La récolte des raisins, la vinification, l’élaboration et l’élevage des vins tranquilles, la récolte des raisins, la vinification, l’élaboration, l’élevage et le conditionnement des vins mousseux et pétillants sont assurés sur le territoire des communes suivantes du département d’Indre-et-Loire (liste établie sur la base du code officiel géographique de l’année 2020): Chançay, Noizay, Parçay-Meslay, Reugny, Rochecorbon, Tours, Vernou-sur-Brenne, Vouvray.

DÉROGATION SUR LA DÉLIMITATION DE L’APPELLATION

L’aire de proximité immédiate, définie par dérogation pour la vinification, l’élaboration et l’élevage des vins tranquilles et la vinification, l’élaboration, l’élevage et le conditionnement des vins mousseux et pétillants, est constituée par une partie du territoire de la commune suivante du département d’Indre-et-Loire (établi sur la base du code officiel géographique de l’année 2020): Nazelles-Négron (pour la partie du territoire au nord de la route départementale no 1 et à l’ouest de la route départementale no 75).

CÉPAGES PRINCIPAUX

chenin B, orbois B

a) – Les vins sont issus des cépages suivants :

– cépage principal : chenin B ;
– cépage accessoire : orbois B.

Les vins sont issus du seul cépage principal ou de l’assemblage de raisins ou de vins dans lequel le cépage principal est majoritaire. Les vins ne peuvent pas être issus du seul cépage accessoire.

RENDEMENTX MAXIMAUX

Vins tranquilles : 65 hectolitres par hectare

Vins mousseux ou pétillants :  78 hectolitres par hectare

VINS ET CARACTÉRITIQUES ŒNOLOGIQUES

Les vins mousseux ou pétillants sont élaborés exclusivement par seconde fermentation en bouteille. Après la prise de mousse, ils ne dépassent pas, en cas d’enrichissement du moût, le titre alcoométrique volumique total de 13 %.

Les vins tranquilles ne dépassent pas, après enrichissement, un titre alcoométrique volumique total de 15 %.
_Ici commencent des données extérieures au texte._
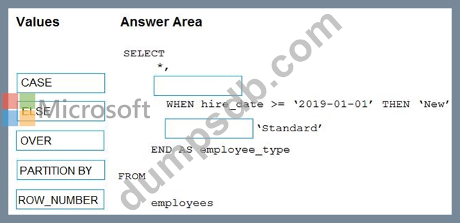 How should you complete the Transact-SQL statement? To answer, drag the appropriate values to the correct targets. Each value may be used once, more than once, or not at all. You may need to drag the split bar between panes or scroll to view content.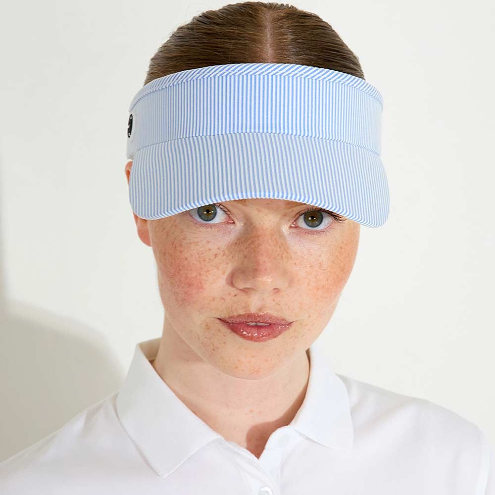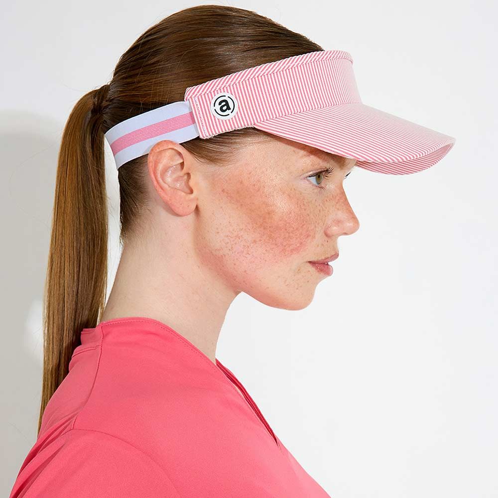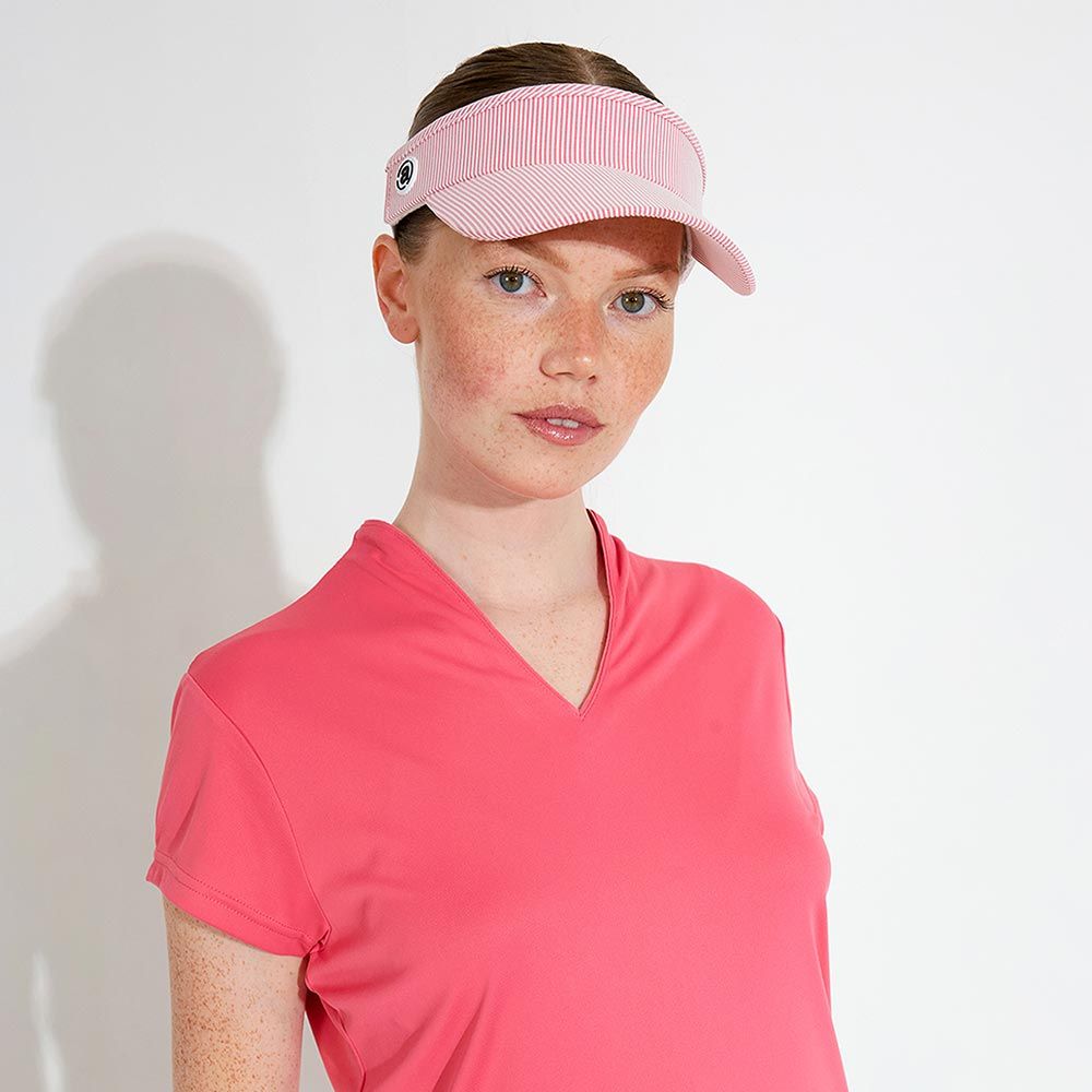 Bovey Visor är en snygg och funktionell solskärm med en feminin touch. Den har en rosa och vit färgkombination och ett elastiskt band med kontrastränder baktill för en flexibel och bekväm passform. Perfekt för soliga dagar på golfbanan eller andra utomhusaktiviteter.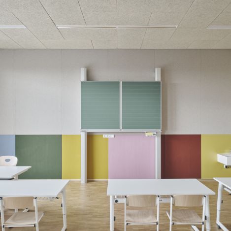 Wer das Gebäude betritt, spürt sofort die atmosphärische Wirkung der Räume. Die Eingangshalle öffnet sich zur zweigeschoßigen Zentralgarderobe, von der aus der Blick bis ans hintere Ende des Hauses reicht. Transparenz, Tageslicht und Übersicht – alles keine Selbstverständlichkeit in einem öffentlichen Bildungsbau. Diese Leichtigkeit zieht sich wie ein roter Faden durch das Gebäude. An die Garderobe schließen sich Aula und Speisesaal an, nur getrennt durch einen mobilen Vorhang. So kann der Raum bei Bedarf zur Veranstaltungsfläche mit Bühnencharakter werden – flexibel, offen, nutzungsneutral. Auch der Turnsaal, vollverglast mit Blick ins Grüne und Oberlicht, ist in diesen Raumverbund eingebettet. So kann sich ein Gefühl von Weite entwickeln, von Schule als einem Ort, der Bewegung zulässt, nicht begrenzt. Eine wunderbare Basis für wissensdurstige Hirne, oder? Apropos Hirne und Lernen: Zentrum des pädagogischen Konzepts sind die fünf Cluster, jeweils mit vier Klassen, Freiräumen und Zusatzräumen. Jeder Cluster hat einen eigenen Zugang zur Terrasse, Tageslicht auf allen Seiten und eine eigene Farbwelt. Im Inneren öffnen sich sogenannte Lernlandschaften: offene, wohnlich gestaltete Zonen mit Nischen, Podesten, Vorhängen – zwischen Wohnzimmer, Werkstatt und Rückzugsort. Die Möblierung ist verspielt, die Materialien sind warm: Lehmputz an den Wänden, Filzpaneele als Pinnflächen, Tischler-Einbaumöbel, Spieltürme, Sitzstufen. Kein Einheitsbrei, sondern differenzierte Räume, die Individualität und Gruppendynamik zulassen. „Bei dieser Schule steckt wahnsinnig viel Liebe im Detail“, erzählt Projektleiter Martino Libisch. Und tatsächlich: Kaum eine Fläche, kaum eine Wand scheint zufällig. Alles wurde durchdacht, getestet, angepasst – mit einem Ziel: die Schule zum gemeinsamen Lebensraum zu machen.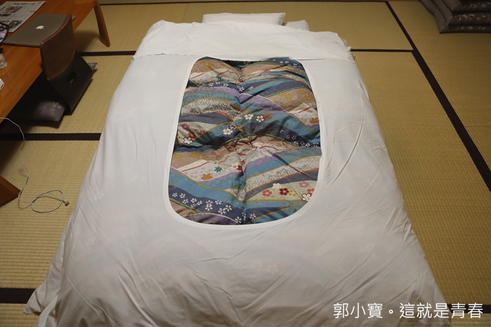 | 吃完飯上來的時候就看到飯店人員把床舖好了,我很喜歡睡這種舖床,尤其是棉被的部分,我個人很喜歡厚棉被最好還帶點重量的那種,日本老旅館大部分都是提供這類型的棉被。 |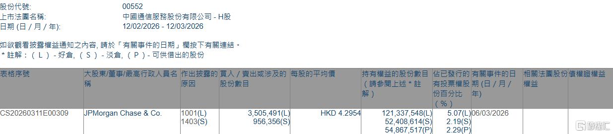 格隆汇3月12日丨根据联交所最新权益披露资料显示,2026年3月6日,中国通信服务(00552.HK)获JPMorgan Chase & Co.以每股均价4.2954港元增持好仓350.55万股,涉资约1505.75万港元。
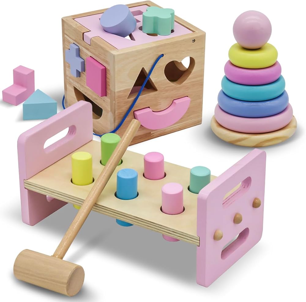 مجموعة رائعة للمبتدئين: تتضمن 3 ألعاب كلاسيكية. مقعد قصف الخشب، صندوق فرز الخشب، ومكدس خشبي بألوان قوس قزح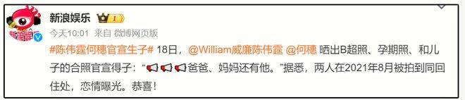 娱乐圈又多了一个孩子,但不是狗仔曝出的,而是当事人双双官宣。10月18日,何穗陈伟霆官宣生子,甩出孕肚照、孩子的照片,给了娱乐圈一记惊雷。网友更是万分震惊,表示甚至都不知道两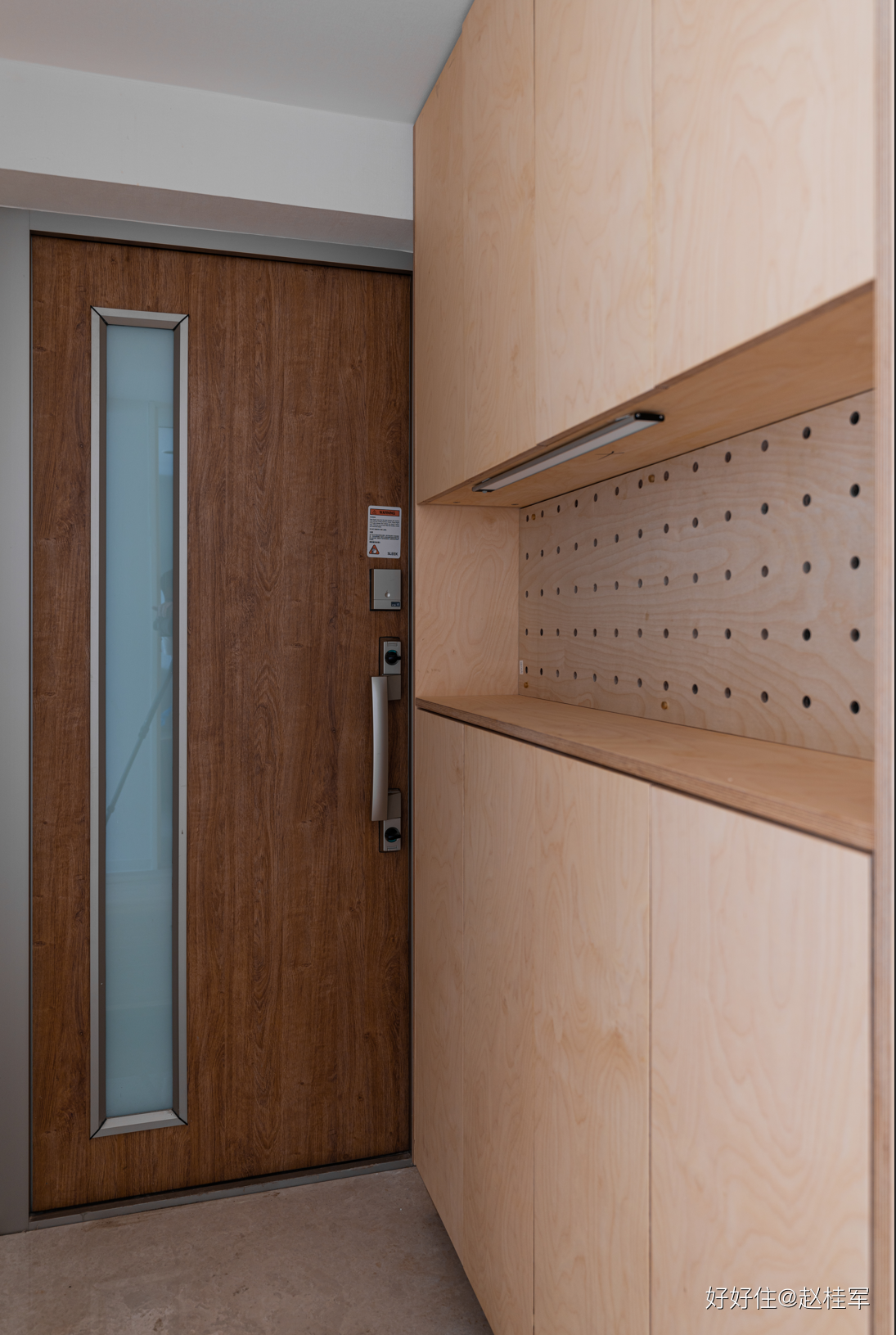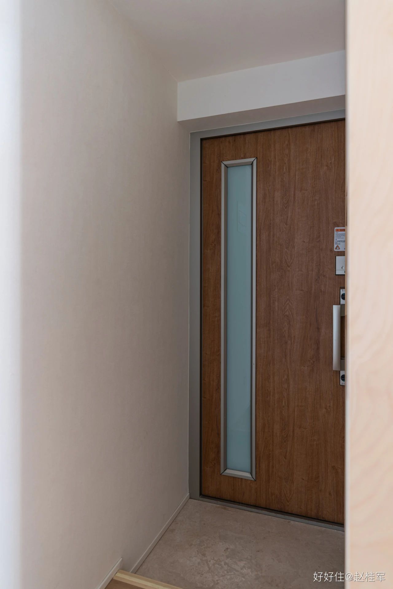 玄關(guān)地面和室內(nèi)地面形成的高度差,減少塵土帶入,讓室內(nèi)更干凈。進門右面墻面預(yù)制結(jié)構(gòu)板,以便后期加裝折疊凳。

Outre les dispositions ci-dessus, les vins doivent respecter, en matière de pratiques œnologiques, les obligations figurant au niveau communautaire ( UE) et dans le code rural et de la pêche maritime.

—  Les vins mousseux et pétillants sont élaborés exclusivement par seconde fermentation en bouteille.

—  Les vins mousseux et pétillants sont mis sur le marché à destination du consommateur à l’issue d’une période d’élevage de 12 mois au moins à compter de la date de tirage.

CARACTÉRISTIQUES VITICOLES

Densité de plantation

Les vignes présentent une densité minimale à la plantation de 6 000 pieds à l’hectare ,avec un écartement entre les rangs de 1,60 mètre maximum. L’écartement entre les pieds sur un même rang est supérieur ou égal à 0,90 mètre.

Règles de taille

Les vignes sont taillées en taille courte à coursons, chaque bras portant 1 ou 2 coursons à 2 yeux francs maximum. Un courson au plus par pied peut être taillé à trois yeux francs maximum. Le nombre d’yeux francs par pied est de 10 en moyenne, avec un maximum de 13 yeux francs par pied. Toutefois, pour les vignes âgées de moins de 10 ans, le nombre d’yeux francs par pied est de 8 au maximum. On entend par œil franc tout œil détaché de plus de 5 millimètres de la couronne.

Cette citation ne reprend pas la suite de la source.